Melalui penetapan TBA lebih tinggi, Irfan membuka kemungkinan adanya mekanisme pasar yang terjadi pada lingkup harga tiket pesawat. Melalui ruang tadi, disebut ada ruang bagi maskapai untuk meningkatkan pelayanannya.
"Serahkan ke mekanisme pasar, kalau kita naikkan kan kita mesti balikin dengan pelayanan yang lebih bagus, ketepatan waktu, dan segala macam kan," kata Irfan.
Tak akan Semena-mena
Dia pun menegaskan tak akan semena-mena menetapkan harga yang jauh lebih tinggi dari yang berlaku saat ini. Tapi yang terpenting, kata Irfan, adalah soal pelayanan yang diterima penumpang sesuai dengan harga yang dibayarkannya.
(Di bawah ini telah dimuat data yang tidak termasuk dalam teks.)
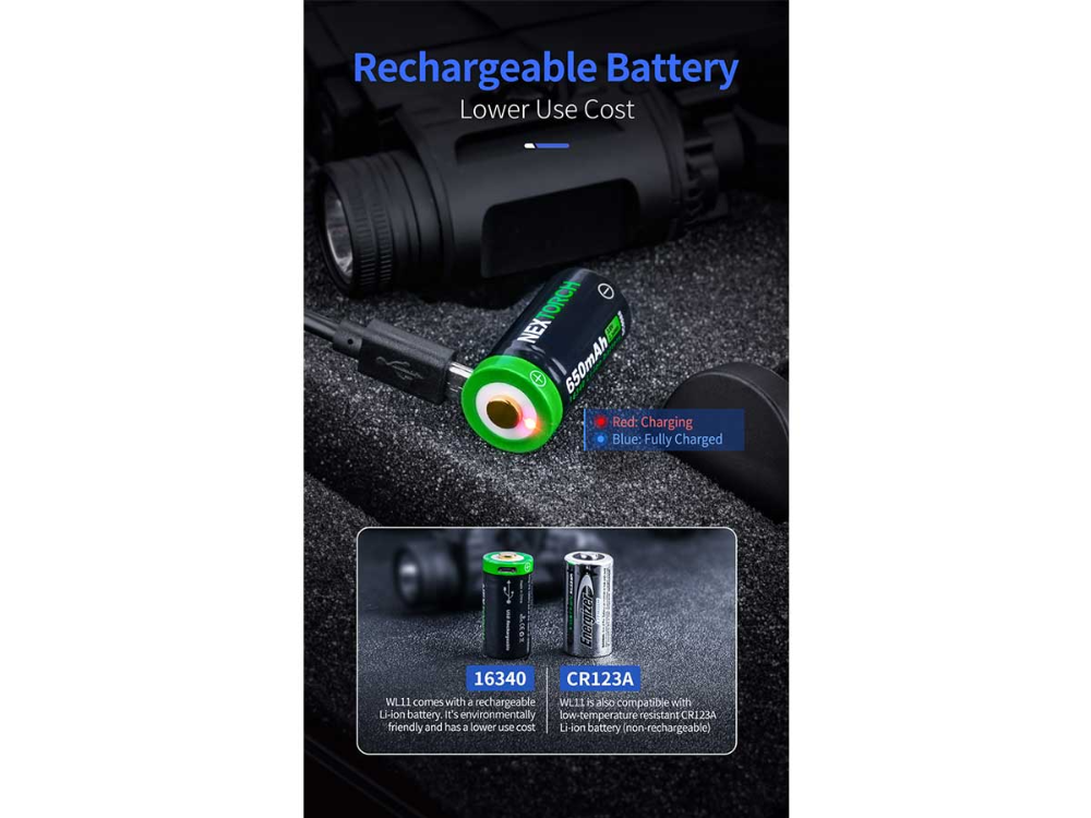 - Аккумулятор: 1 x 16340 или 1 x CR123a
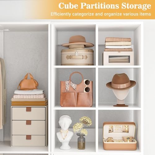 Maximize storage with our thoughtful design, which includes four spacious drawers for folded clothes and accessories. The six-grid cubby is ideal for handbags or seasonal items, while a lower shoe area ensures your footwear stays organized and off the floor. Every inch of this closet system is crafted to enhance your storage without compromising on style.
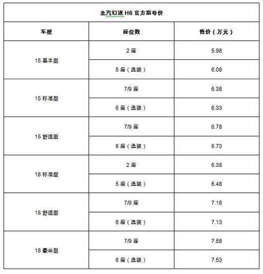 2016年11月18日,北汽幻速H6于广州车展正式亮相,并宣布上市。这款不容小觑的高效宽体商务车将推出2/5座物流、6/7/9座轻客两种类型共计6款车型,包括1.5L和1.8L两种排量。官方指导售价为5.98万-7.58万元,上市后将要与风行菱智等热门车型正面角逐。 造型时尚 幻速H6前脸沿用北汽幻速专属家族式造型设计,双横条镀铬进气格栅现代感十足,中央部位镶嵌品牌LOGO,有效保证空气流通的同时增加外观辨识度;侧面采用高低双腰线设计,视觉上动感十足;尾部造型方面追求简洁,车牌上方宽幅镀铬装饰条将两个尾灯自然衔接,不仅凸显出整车的商务风格,更加彰显其大气稳重的独特魅力。幻速H6采用了以黑色为主的内饰配色,并带有木纹装饰条的中控台,使整车更具品质感。 多能空间 北汽幻速H6是针对商旅、物流市场研发的一款多用途商务车,因此在车型尺寸上毫不吝啬。幻速H6高顶版车型的车身尺寸为4925×1834×2115mm(低顶为1980mm),轴距更是达到3080mm,均领先同级车型。中间两排座椅采用1+1独立座椅,部分车型配有第二、三排1+1独立座椅可滑动,靠背可调节,头枕可调节功能,为乘客预留更加充足的独立空间。尾门开启拥有掀背式、对开门两种方式,座椅布局灵活,空间利用率高,车厢最大容积可达6469升(可容纳12360瓶330ml的易拉罐饮料),满足不同用户群体对空间的需求。 高效节能 搭载1.5L与1.8L两款自然吸气发动机的幻速H6,最大功率分别为83千瓦和103千瓦,峰值扭矩分别为150牛·米和180牛·米,均具备可变气门正时系统(VVT)、直列四缸、多点电喷等先进技术。其中,1.8L发动机为全铝合金发动机,重量轻,散热好,燃油经济性与动力媲美传统2.0L的发动力。 新车匹配5速手动变速箱,平均油耗8.2L-8.4L/100km,符合国五排放标准,实现“大动力、低油耗、低排放”的优异动力性能。 越享舒适 北汽幻速H6为商用做了大幅度优化,宽大的侧动滑门,让货物搬运与乘客进出方便省力;大尺寸车窗玻璃,为驾驶者提供优良的视野;8英寸中控MP5液晶大屏(带GPS导航+蓝牙系统)、豪华皮质座椅(第二、三排座椅可前后滑动,第四排座椅可放倒翻折)、倒车影像、EPS电子助力转向等越级配置更是锦上添花,保障驾乘舒适体验的同时,保证了空间的灵活多变。 安全可靠 安全配置是拷问一辆车品质的关键之处,北汽幻速H6全系标配倒车雷达、中控锁、驾驶席安全带未系提醒、车门未关报警、车身防盗系统等,部分高配车型还配有前排双安全气囊、发动机电子防盗等传统轻客未配备的越级安全配置,全面保障驾驶者的行车安全,为您的家人与事业保驾护航。 定位于“高效宽体商务车”的幻速H6集高性价比、多能空间、高效节能、越享舒适、安全可靠五大优势于一身,目标用户为政府机关、企事业单位和私营企业主。北汽幻速H6以载货为主,并兼容兼顾客运功能,体现了北汽幻速与时俱进的造车理念。“大众创业,万众创新”是我国当下着重推进的经济发展政策,北汽幻速为响应国家大政方针的号召,为众多普通创业百姓量身定做亲民好车,凸显轻客产品更高速的运营效率和更大的容积率,拓宽百姓致富路,为与新的经济形势的接轨贡献一份力量。 |
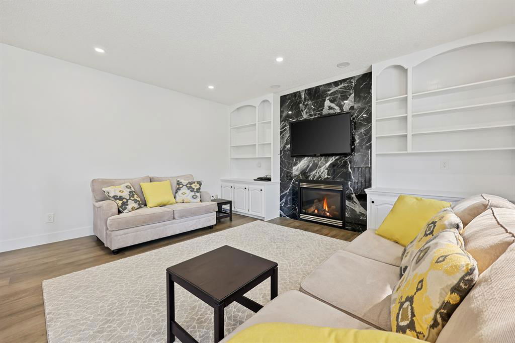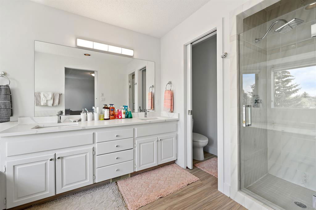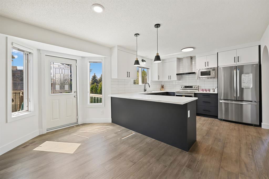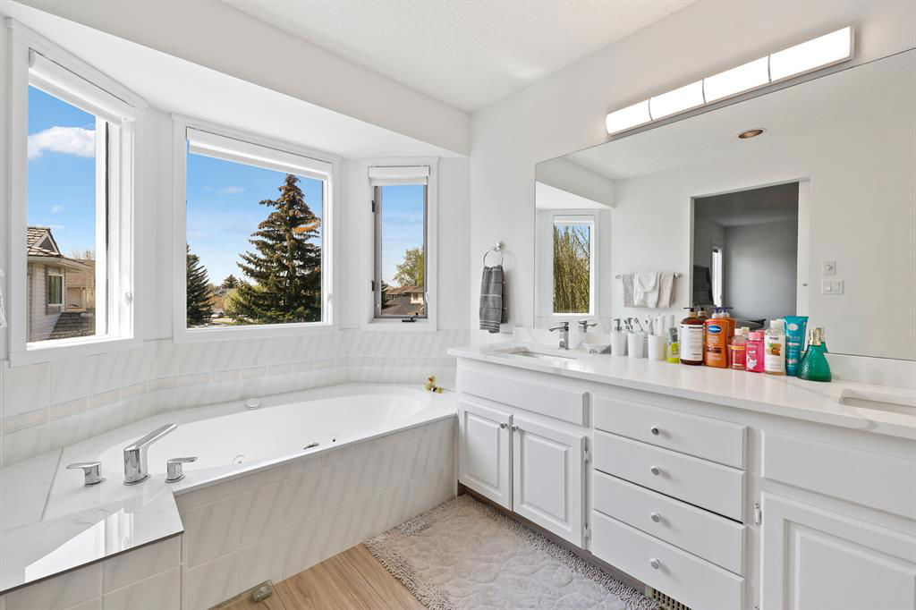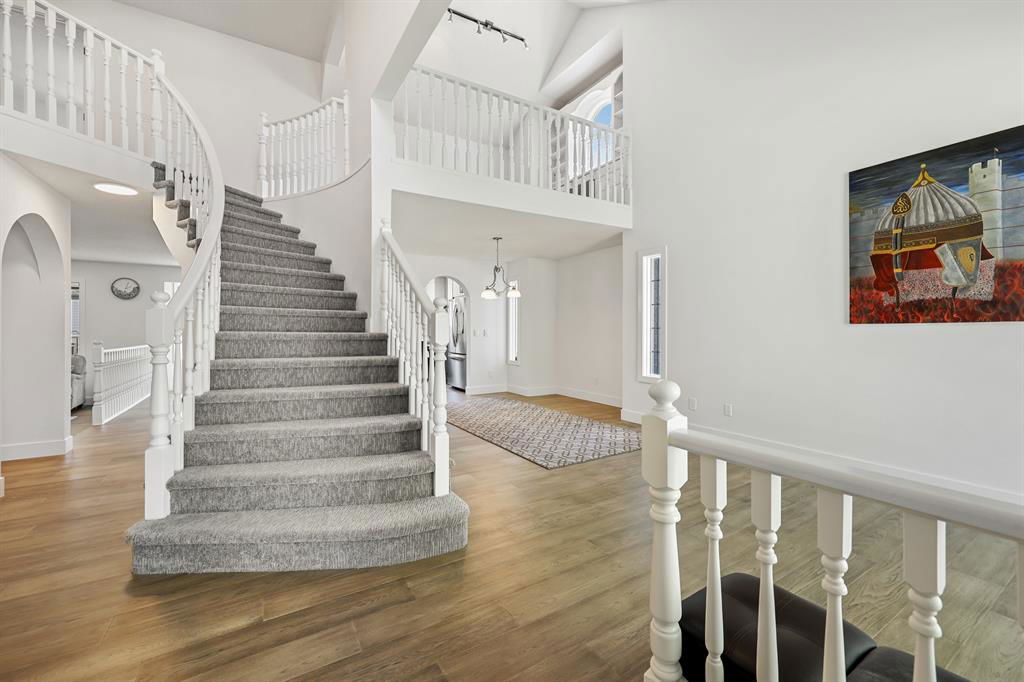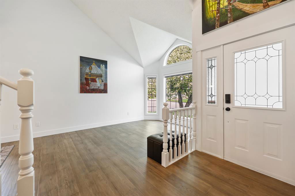 JUST Renovated & located in one of Calgary’s most hidden gems at Diamond Cove, SE. This exclusive, quiet & private Community, just off Bow Bottom Trail is perfect for a family looking for location, house size, functionality and it’s move-in ready tomorrow! Enjoy over 2000 sq ft above ground + a fully finished lower level. The kitchen has been opened up to the large living area with stunning gas fireplace. New 2 tone custom Cabinetry, quartz counters + sit up island, new appliances, subway backsplash & just off the informal dining room which leads to an open concept living area, overlooking the front yard. As you enter you are greeted by beautiful, wall-to-wall Engineered hardwood, wide-plank flooring, towering ceiling heights with a large 2pc bath, 2 front closets, and main level laundry located in the mudroom, leading to the oversized, attached double garage. The eye-catching winding staircase brings you up to 3 Bedrooms (both with walk-in closets) a beautifully finished 4pc bathroom and a large master bedroom with walk-in closet, 5pc ensuite, w/Jacuzzi tub, enclosed shower, quartz counters w/ dual sinks + private loo. The upper floor also hosts brand new carpet, a very large, open office with built in desk + custom book shelving. There is loads of natural light filling this lovely home, with a massive, Southwest backyard. Complete with your own covered deck, with new wood surface for BBQ’s while watching over the kids. The lower level is completely finished with a large guest bedroom (needs egress window), 4pc bathroom, large living area with a modern electric fireplace and wet-bar. All the major mechanical has been completed, with a new 100gal tank, Hi Eff furnace, and new plumbing lines to all upgraded services. This is the perfect corner lot, with tons of sunshine and the Fruit & Vegetable gardens have already been planted, along with flowers, and ready for the next gardener to take over. This is a tremendous amount of home for this price bracket. See it today before it’s gone!

"Misalnya harganya sekarang Rp 1 juta, dibebaskan, terus kita jual Rp 5 juta, enggak. Bukan tipe kita kok. Kita kan yang penting adalah bahwa kita bisa menjanjikan service dengan sebaik-baiknya kita pastikan penerbangan itu aman, kita untung," tuturnya.
"Silakan penumpang memilih sendiri. Anda bilang 'Garuda mahal, saya gak mau' yaa monggo," sambung Irfan.